Currently, sabbatical leaves — which are available to teachers after seven years in the district — cost San Francisco schools $5.4 million per year for 50 full-year leaves and 12 half-year leaves. The AP prep periods cost $6.5 million for 64 teachers with more than one AP class and $1.5 million for 60 department head prep periods, according to district data.

That equals $13.4 million spent on 186 educators and for compensation that is not common in other districts.

Each 1% salary increase f...
The numbers tell the story: $13.4 million for 186 educators' perks while schools close and families flee.·Source: x.com

According to the Chronicle, sabbaticals cost SFUSD $5.4 million per year for just 62 teachers—compensation that is not common in other districts.

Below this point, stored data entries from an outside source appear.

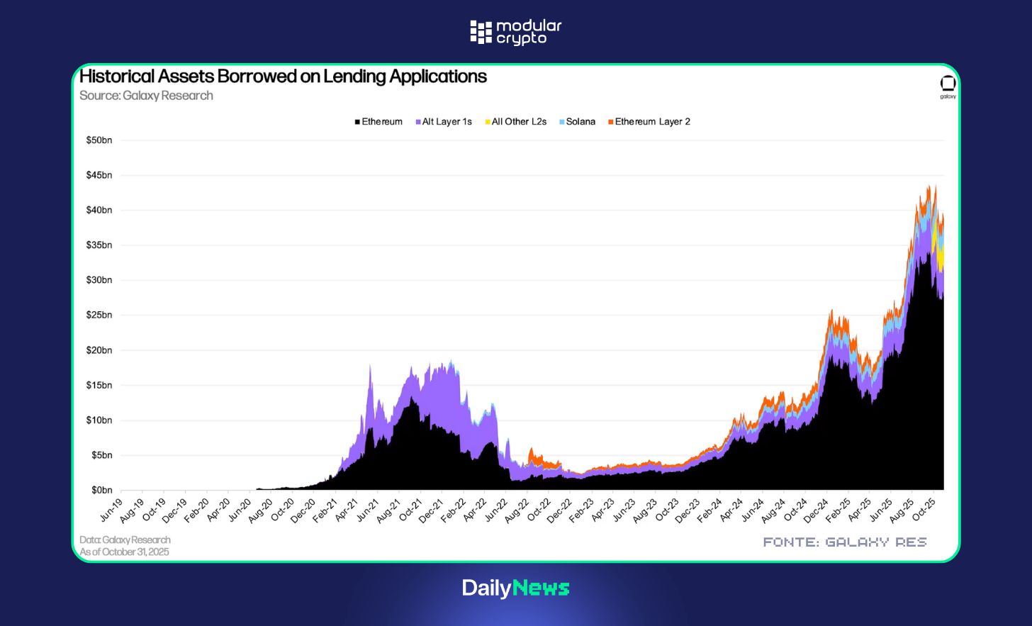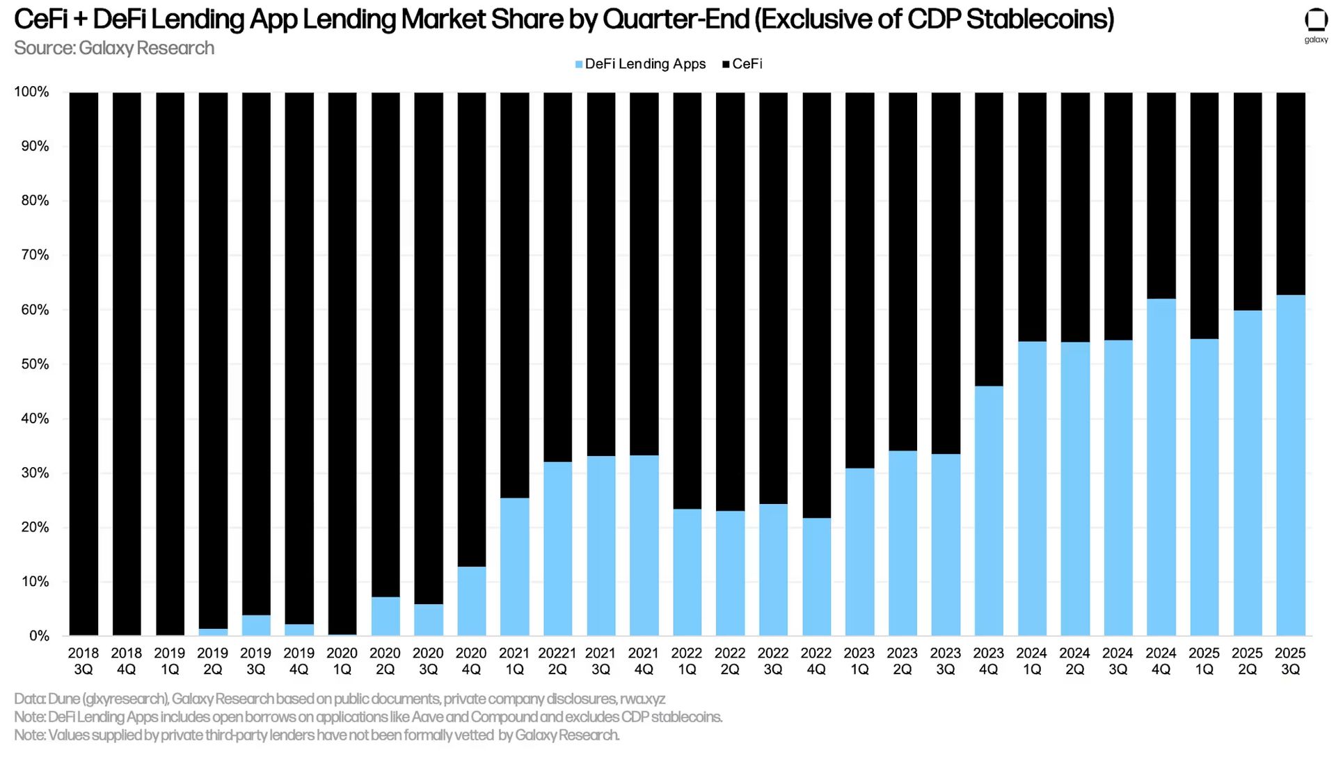 A Galaxy Research mostra que a alavancagem cripto voltou para a máxima histórica: o total de empréstimos colateralizados em cripto chegou a US$ 73,6 bi no fim do Q3, com os protocolos de DeFi respondendo por ~US$ 41 bi e dominando cerca de dois terços do mercado de crédito, bem acima de 2021. A diferença é que o “tijolo” da alavancagem mudou: hoje o grosso está em BTC, ETH e stablecoins (muitas vezes com yield), com exigência de colateralização bem maior e CeFi muito mais conservador do que no ciclo passado, quando crédito opaco e empréstimo sem garantia quebraram meia indústria. On-chain virou o centro do sistema: lending apps representam mais de 80% do crédito on-chain, enquanto CDPs (tipo DAI) perderam espaço.
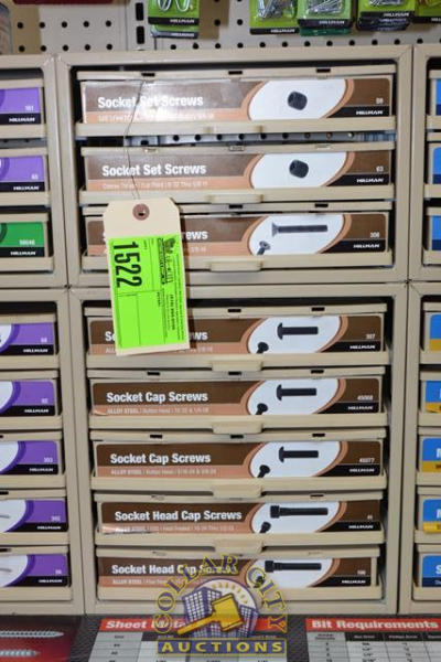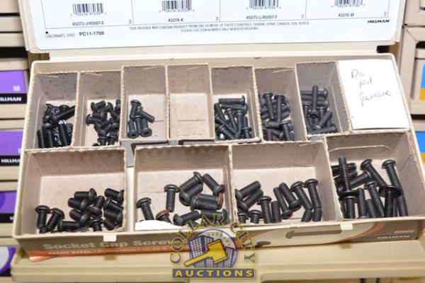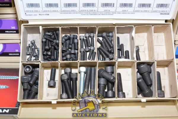 ORGANIZER BIN WITH CONTENTS CONSISTING OF SOCKET SET SCREWS, SOCKET CAP SCREWS, ETC.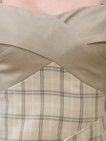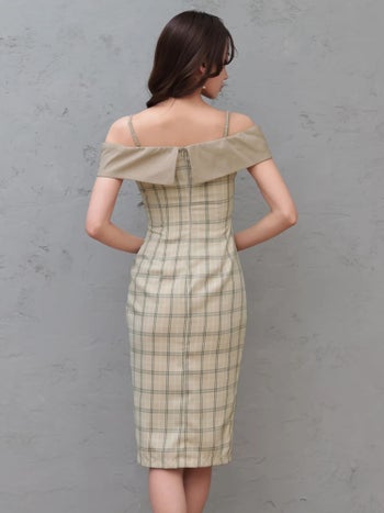 4. 予約商品【2月下旬入荷予定】【Veautt/ヴュート】肩あき ウエストタック スリット チェック柄 バイカラー 2way オフショルダー 膝丈ドレス (VT032602)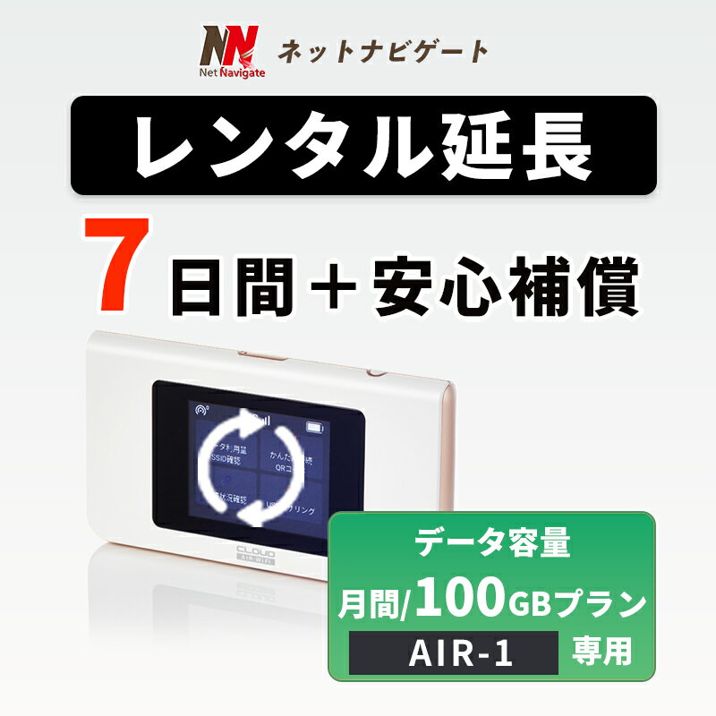 【レンタル延長】AIR-1 月間100GBプラン(+安心補償) モバイルWiFiルーター 7日 1週間 延長申込 専用ページ レンタルwifi レンタルwi-fi wifiレンタル ワイファイレンタル ポケットWiFi レンタルワイファイ Wi-Fi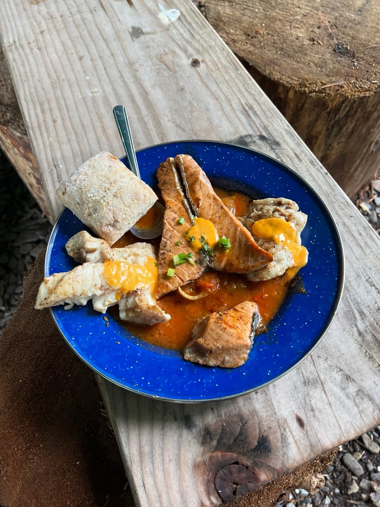 I was still in a bit of a daze when we reached Fish Camp, my heart filled with wonder at the events that had just transpired. Though my catch would not contribute to our communal feast, it did not detract from my enjoyment of the meal: pan-seared rockfish and salmon, nestled atop a steaming bowl of fennel-infused cioppino.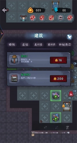 玩家需要通过发展经济来建造炮塔,以此抵御敌人的攻击。建造只能在房间内的空地上进行,点击空地后会弹出建筑菜单供玩家选择。

Meanwhile, SFUSD has lost 4,000 students since 2019. San Francisco now has roughly 30% of kids in private schools—the highest rate in California. Every bad policy accelerates the death spiral.

Lurie Is Right: Get Back to the Table

Mayor Daniel Lurie made his office available day and night to reach an agreement. He asked for three additional days of negotiation to keep kids in school.

Even Nancy Pelosi urged continued engagement: “Our teachers are custodians of our children five days of the week and they deserve our support, our students need continuity and our families deserve certainty.”

UESF’s response? Union President Cassondra Curiel was unmoved: “We will be going on strike Monday absent a signed agreement.”

This will be the first SF teacher strike since 1979—nearly 50 years. The last one lasted seven weeks.

UESF deciding to strike and hurt the educations of tens of thousands of students when there is no expected actual benefit to the teachers is borderline malfeasance. They’re going to strike for a few days, then take the same deal they could accept today. The kids are pawns in a union boss political shell game with Sacramento’s CTA. And if PERB rules this strike unlawful? SFUSD could recover damages. The union bosses are gambling with everyone’s money— and now with PERB on the table, it might be their own.